Exercise material:
::::::::
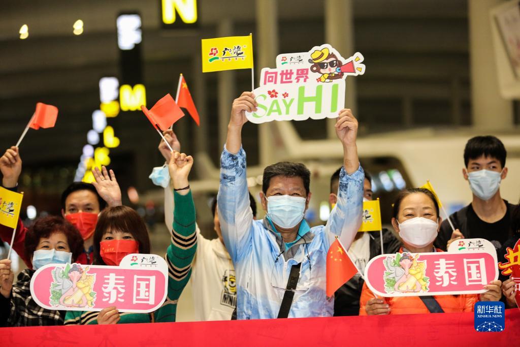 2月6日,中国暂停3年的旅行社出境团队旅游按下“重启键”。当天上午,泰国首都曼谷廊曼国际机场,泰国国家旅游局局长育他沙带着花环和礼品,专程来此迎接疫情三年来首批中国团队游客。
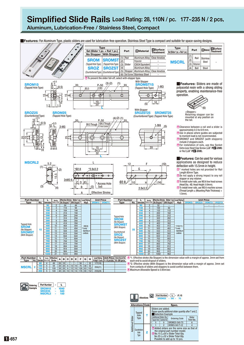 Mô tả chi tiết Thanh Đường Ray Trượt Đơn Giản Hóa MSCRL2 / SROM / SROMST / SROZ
::::::::
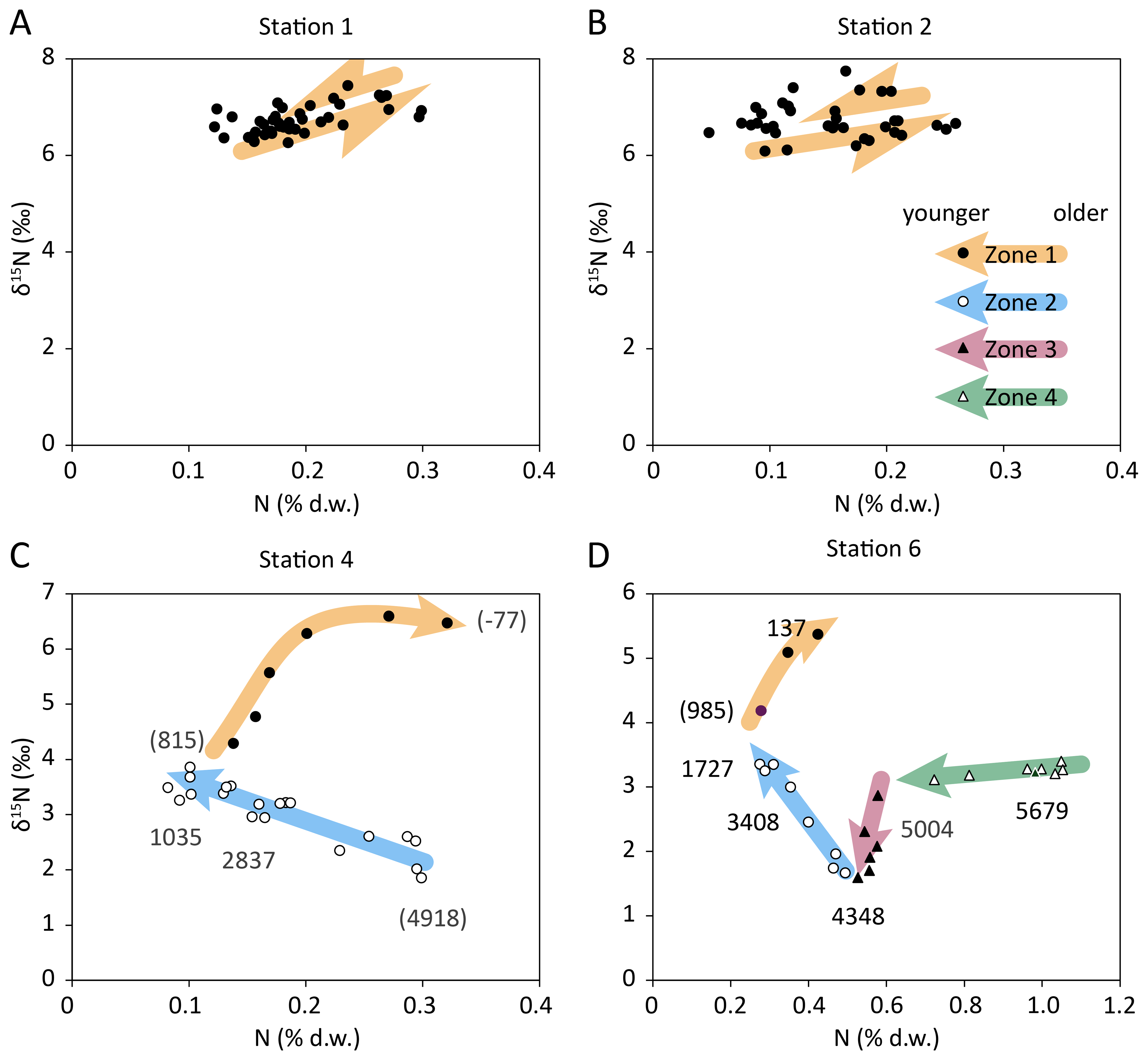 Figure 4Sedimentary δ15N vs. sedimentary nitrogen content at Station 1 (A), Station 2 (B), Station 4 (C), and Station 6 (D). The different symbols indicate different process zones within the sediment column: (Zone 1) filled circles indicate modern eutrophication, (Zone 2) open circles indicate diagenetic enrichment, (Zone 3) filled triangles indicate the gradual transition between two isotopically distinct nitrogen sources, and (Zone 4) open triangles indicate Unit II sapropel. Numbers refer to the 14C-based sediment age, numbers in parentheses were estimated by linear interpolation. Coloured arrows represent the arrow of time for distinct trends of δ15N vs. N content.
::::::::
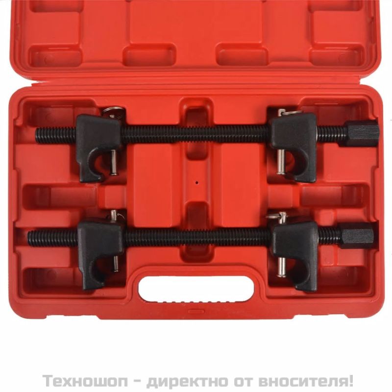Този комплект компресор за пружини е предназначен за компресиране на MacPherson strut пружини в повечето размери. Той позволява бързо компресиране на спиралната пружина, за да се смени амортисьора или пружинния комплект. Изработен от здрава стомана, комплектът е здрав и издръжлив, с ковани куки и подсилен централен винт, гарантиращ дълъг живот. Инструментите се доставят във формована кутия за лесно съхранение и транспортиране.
::::::::
Task:
Range to copy from the listing above: the line with "2月6日,中国暂停3年的旅行" through the line with "Mô tả chi tiết". Transcribe it exactly and skip the pictures.

Result for this exercise:
 2月6日,中国暂停3年的旅行社出境团队旅游按下“重启键”。当天上午,泰国首都曼谷廊曼国际机场,泰国国家旅游局局长育他沙带着花环和礼品,专程来此迎接疫情三年来首批中国团队游客。
 Mô tả chi tiết Thanh Đường Ray Trượt Đơn Giản Hóa MSCRL2 / SROM / SROMST / SROZ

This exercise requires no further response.